The Study for Switching Methods to Olanzapine in Korean Schizophrenic Patients Treated with Other Antipsychotics(II): Comparison of Safety.
- Author:
Yong Min AHN
1
;
Yong Sil KWEON
;
Jun Soo KWON
;
Seong Ho MIN
;
Doo Byung PARK
;
Mun Jung YANG
;
Hyoung Seok SOH
;
Jong Ho SONG
;
Yoon Sik SHIN
;
Haing Won WOO
;
Bum Hee YU
;
Hong Seok LEE
;
Han Yong JUNG
;
Chang Hwan HAN
;
Yong Sik KIM
Author Information
1. Department of Psychiatry, Eulji University School of Medicine, Seoul, Korea.
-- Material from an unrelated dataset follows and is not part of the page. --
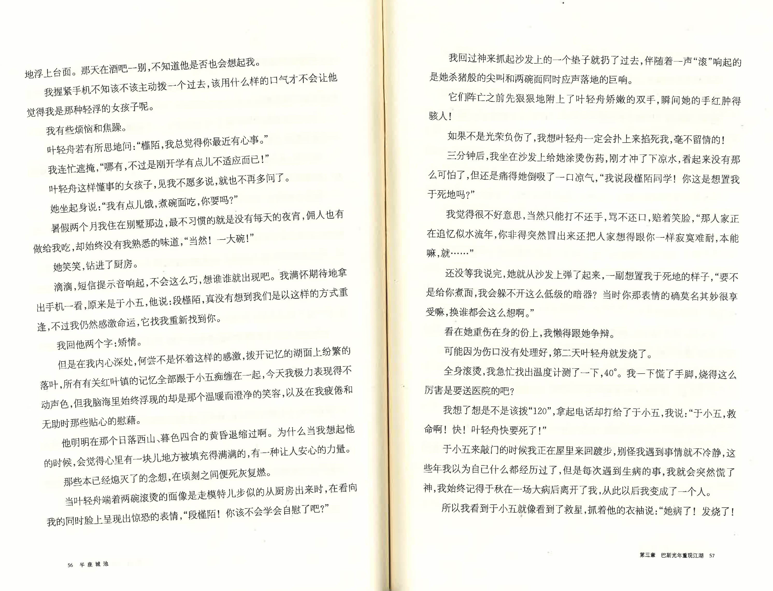段槿陌出生的地方叫红叶镇,在那里她度过了自己最美好的童年。后来于秋嫁人,生病,段槿陌被朋友出卖,于秋过世,被继父骚扰,段槿陌决定按于秋去世前留下的信去找自己的亲身父亲。却发现自己的亲生爸爸是一个很有钱的人,他有自己的家庭。然后开始了另一段生活,认识了好朋友叶轻舟。大学开学那天,段槿陌也遇到自己喜欢的男孩桐岛,叶轻舟在开学前的暑假进了段槿陌爸爸的公司打工……生活悄无声息地跟希望背道而驰。段槿陌对桐岛毫无保留的关心,于小五对段槿陌沉默隐忍的疼爱,叶轻舟和桐岛间一触即发的情感,段皓予对叶轻舟无微不至的照顾……他们的命运将向何处发展,怎样让一些从战场上厮杀回来的人相信战争其实是件美好的事,在各自坚守自己的守护时,他们将发生怎样的摩擦。也许爱情幻灭后,他们的生命还能留下一些别的东西。

- Publication Type:Clinical Trial ; Multicenter Study ; Original Article ; Randomized Controlled Trial
- Keywords:
Olanzapine;
Switching antipsychotics;
Safety;
Schizophrenia
- MeSH:
Antipsychotic Agents;
Benzodiazepines;
Body Weight;
Cholinergic Antagonists;
Dyskinesias;
Humans;
Hyperprolactinemia;
Inpatients;
International Classification of Diseases;
Outpatients;
Psychomotor Agitation;
Schizophrenia;
Vital Signs;
Weight Gain;
Weights and Measures
- From:Journal of Korean Neuropsychiatric Association
2002;41(5):890-904
- CountryRepublic of Korea
- Language:Korean
-
Abstract:
OBJECTIVES: This multicenter clinical trial involving 13 hospital sites compared the safety of switching to olanzapine between 'direct switching method' and 'start-tapering switching method'. METHOD: This study included both inpatients and outpatients who fulfilled the criteria for schizophrenia as defined in the ICD-10, and were in need to be appropriate for switching antipsychotics. Subjects were randomly assigned to one of the two switching methods. For 'direct switching method' group, previous antipsychotics were abruptly discontinued and 10mg of olanzapine was administered, whereas for 'start-tapering switching method' group, initially 10mg of olanzapine was administered and previous antipsychotics was gradually tapered for 2 weeks. Olanzapine was used for 6 weeks and the dose was adjusted within the range of 5-20mg. The safety of switching to olanzapine was measured with vital signs including body weight, adverse events reported spontaneously, laboratory tests, and various scales such as Simpson-Angus Scale(SAS), Barnes Akathisia Rating Scale(BARS), Abnormal Involuntary Movement Scale(AIMS), and Liverpool University Neuroleptic Side Effect Rating Scale(LUNSERS). RESULTS: 103 patients were switched to olanzapine in this study. The comparison between two switching methods did not show any significant difference in the dosage of olanzapine used, the concomitant use of benzodiazepine, the rate and reasons of drop-out, the adverse events, vital signs, laboratory tests, and most scales for measuring side-effects. However, the decrease in AIMS scores was significantly lower in 'direct switching method' group, and the concomitant use of anticholinergics was comparatively greater in 'start-tapering switching method' group. At baseline, SAS and BARS scores were 3.5 and 1.8 points respectively, and more than 70% of the subjects showed hyperprolactinemia. After switching to olanzapine, SAS, BARS, and AIMS scores were significantly decreased and the proportion of the patients with hyperprolactinemia was also decreased to less than 30%. However significant weight gain after the treatment of olanzapine was observed regardless of switching method. CONCLUSION: This study may suggest that switching to olanzapine can be done with relatively high safety regardless of switching methods and olanzapine can significantly decrease some side-effects induced by other antipsychotics.